Description We have mainly investigated two examples of gene copy number variation in the human genome, the (digestive) salivary amylase gene, and the (antimicrobial) alpha-defensin genes. In the salivary amylase variation we have discovered unexpected new levels of variation, demonstrating that the salivary amylase gene variation is coupled to similar variation in the pancreatic amylase genes. We conclude that previous findings on the functional effects of the salivary amylase genes may have been misinterpreted - it is now possible that the effects observed were actually effects of the pancreatic amylase genes. These issues are of particular interest because of recent claims that salivary amylase gene copy number variation is a major predisposing factor to obesity.

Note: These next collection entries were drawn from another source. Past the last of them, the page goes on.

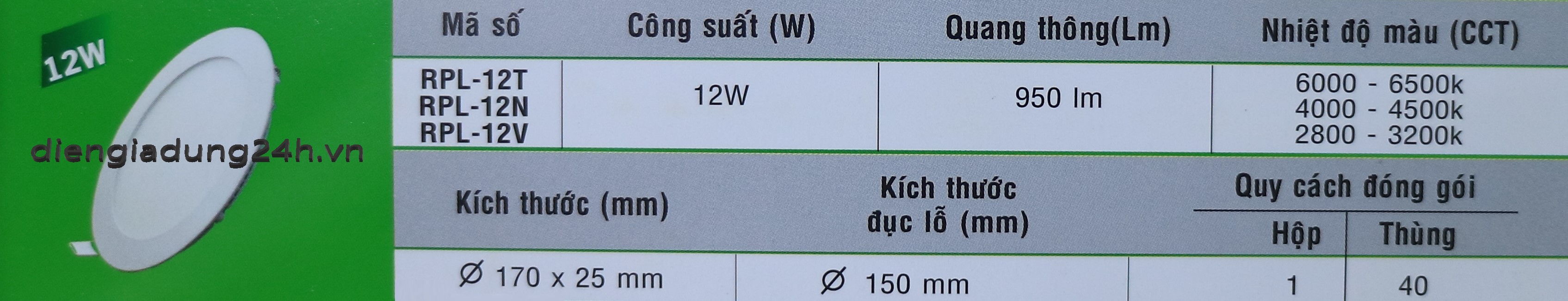 | Mã số | : | ĐÈN LED PANEL MPE TRÒN ÂM RPL-12T / RPL-12N / RPL-12V |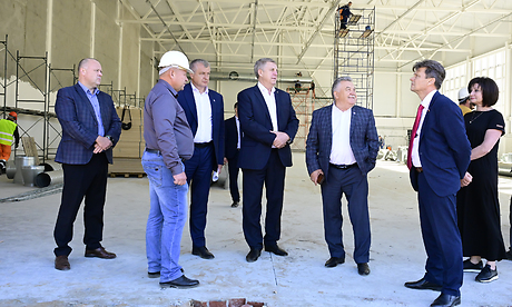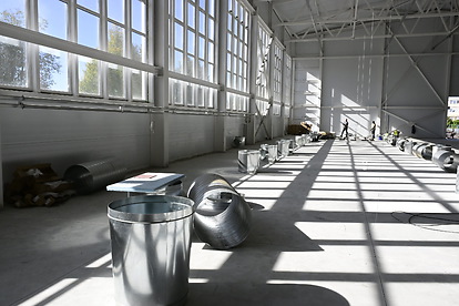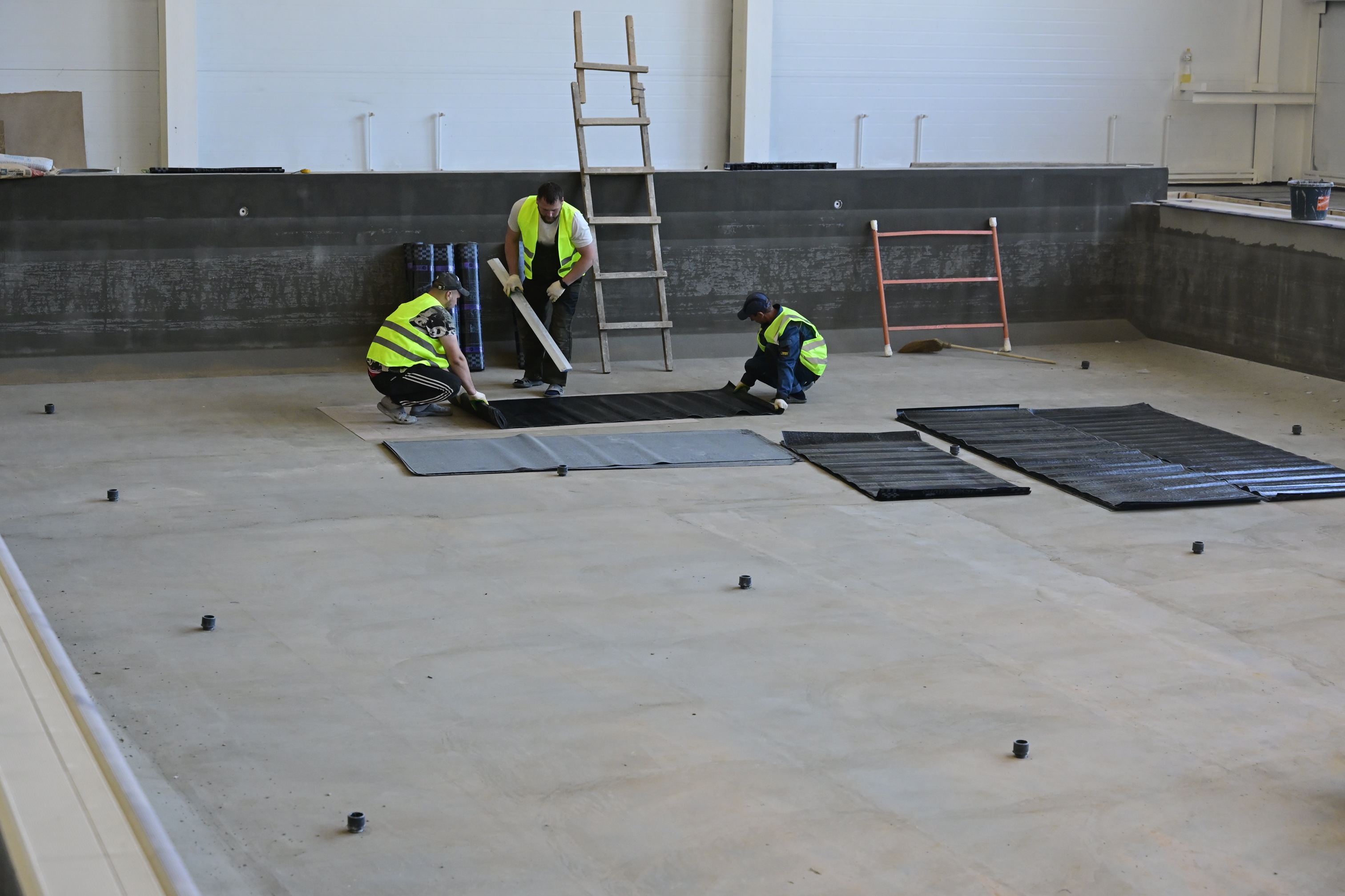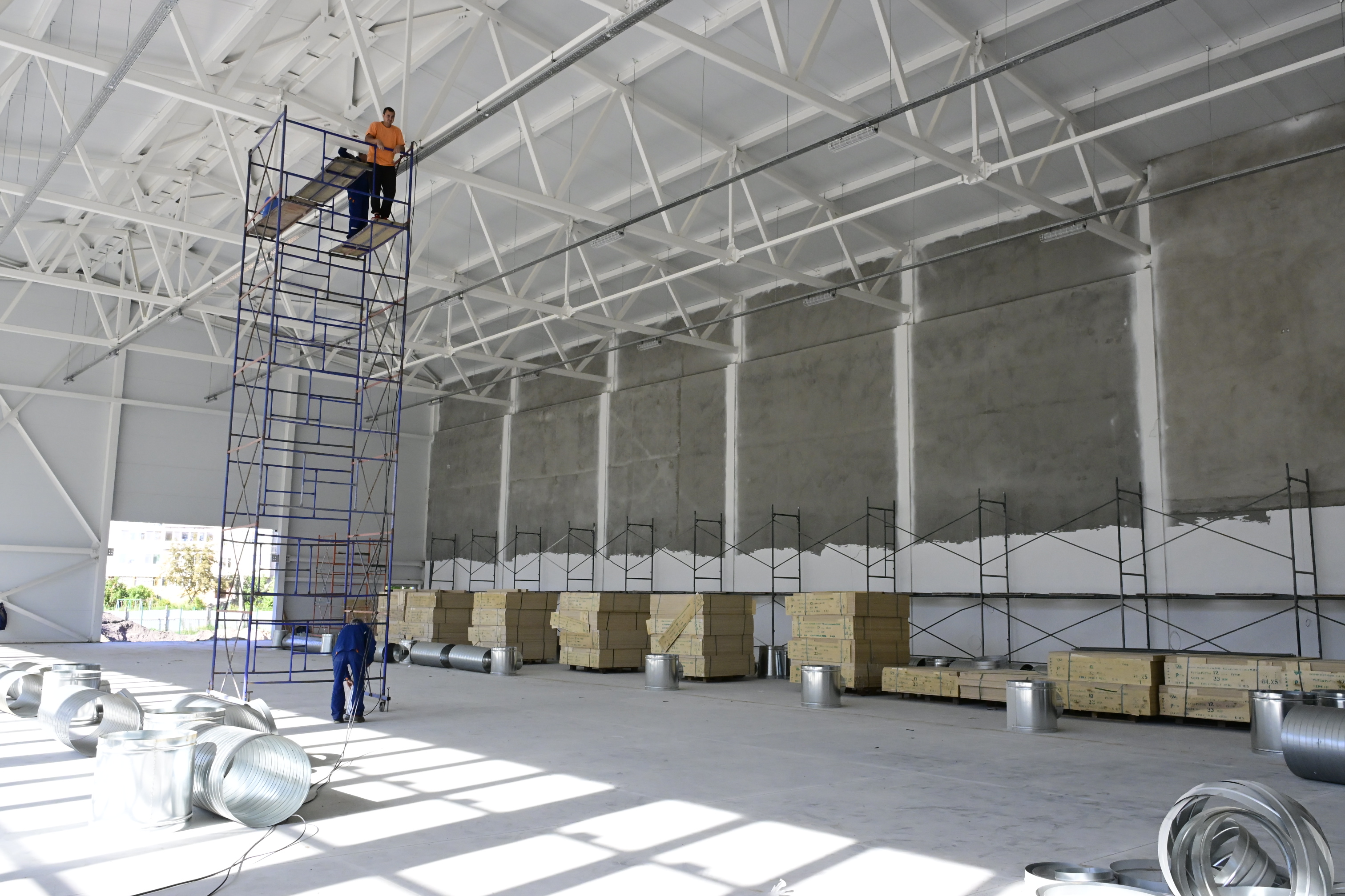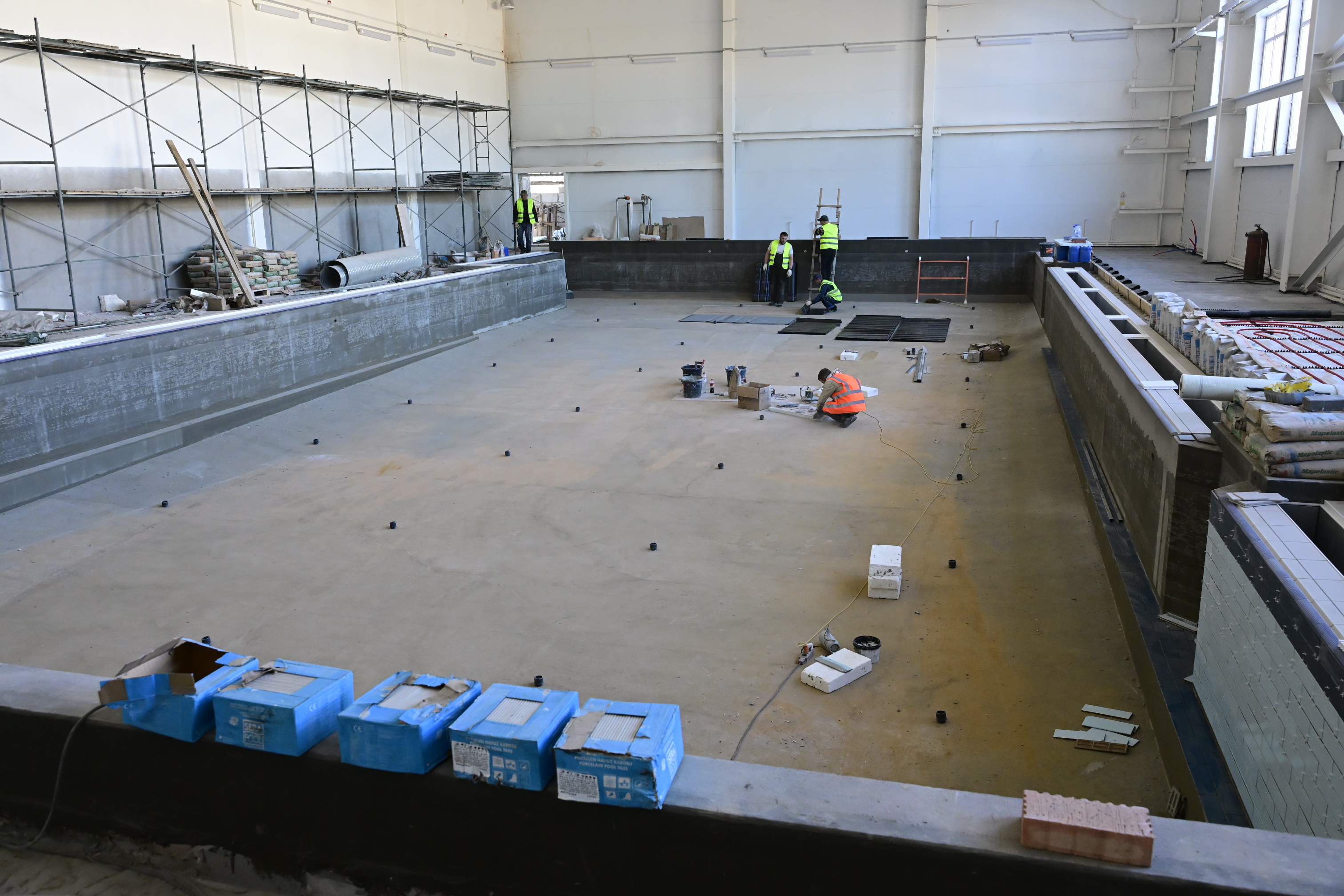 Объект должны сдать до конца года, сейчас техническая готовность — около 75%. Чаша бассейна проходит испытания на герметичность. Установлены оконные и дверные блоки, выполнены работы по монтажу отопления, электроснабжения. Смонтирована кровля, выполнены работы по прокладке наружных сетей водоснабжения, водоотведения. До конца сентября должна поступить блочно-модульная котельная.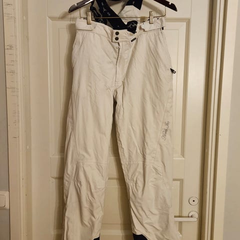 Naisten toppa/lasketteluhousut koko 36. Ollut käytössä noin 5 kertaa. Henkselit saa halutessaan pois ja vyötäröllä myös tarrakiristys.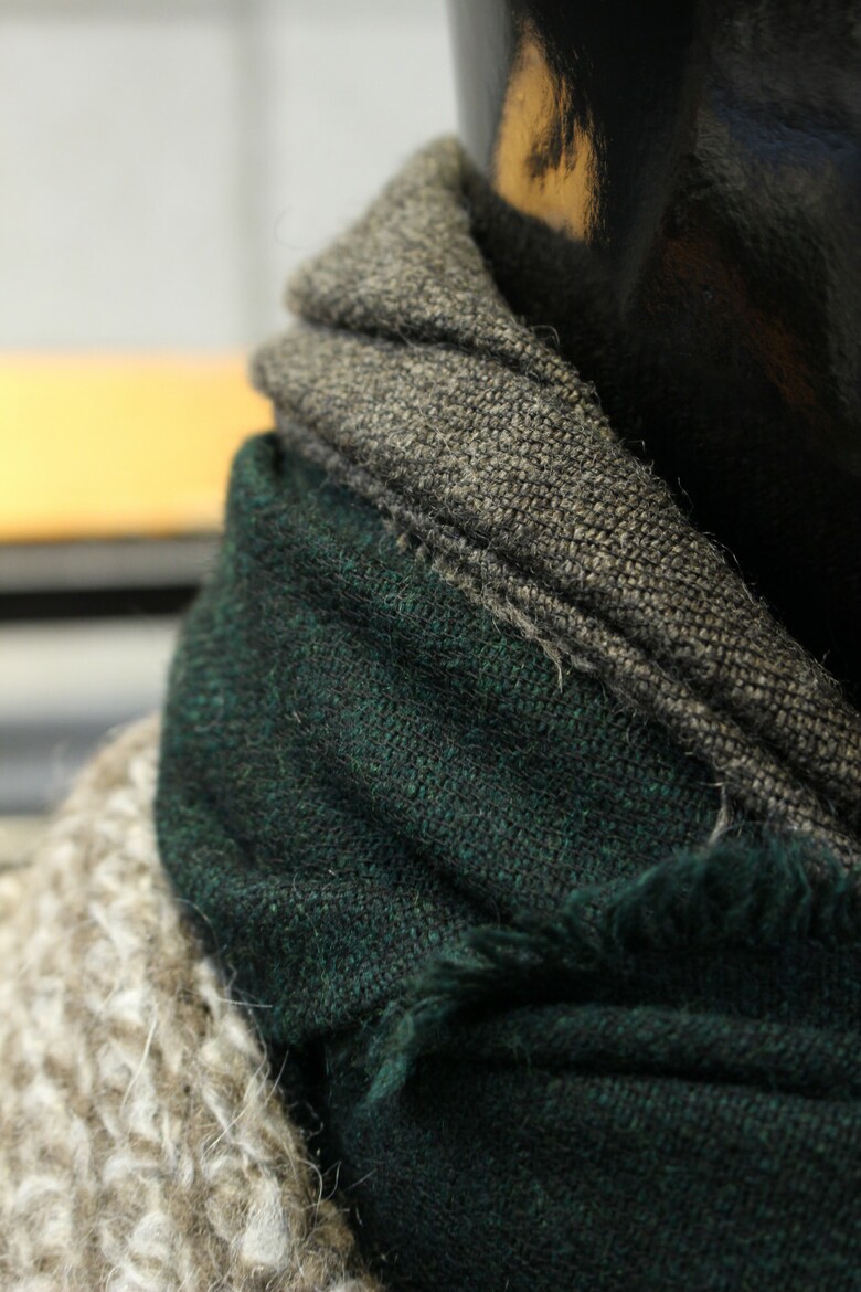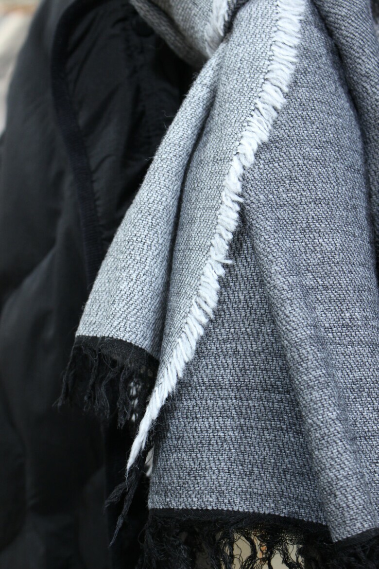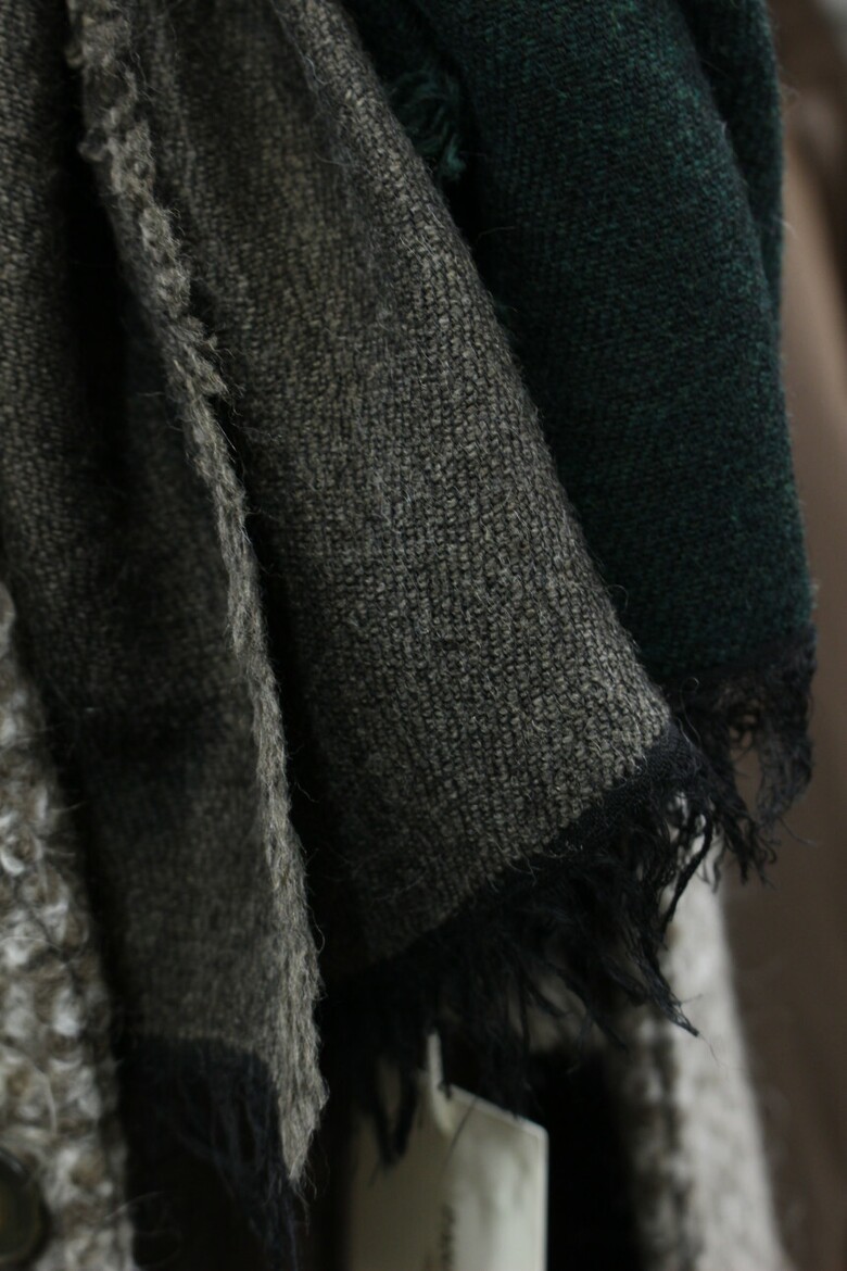 알파카 울모달혼방원단으로 소재감이 부드럽고 끝단프린지마감으로 빈티지한느낌이 자연스럽습니다

At the alpha-defensin genes we have studied the variation and its relationship to expression. We have been able to define the global variation in detail, which is of particular application in the study of the kidney disease IgA nephropathy, in which alpha-defensin variation is implicated. We have also shown that (contrary to earlier findings) there is no significant association between gene copy number and the amounts of alpha-defensin in blood cells.
Exploitation Route Our findings on the amylase variation will clarify the ongoing controversy about whether there really is a link between amylase variation and obesity. Our alpha-defensin discoveries will be key to understanding the role of this variation in IgA nephropathy.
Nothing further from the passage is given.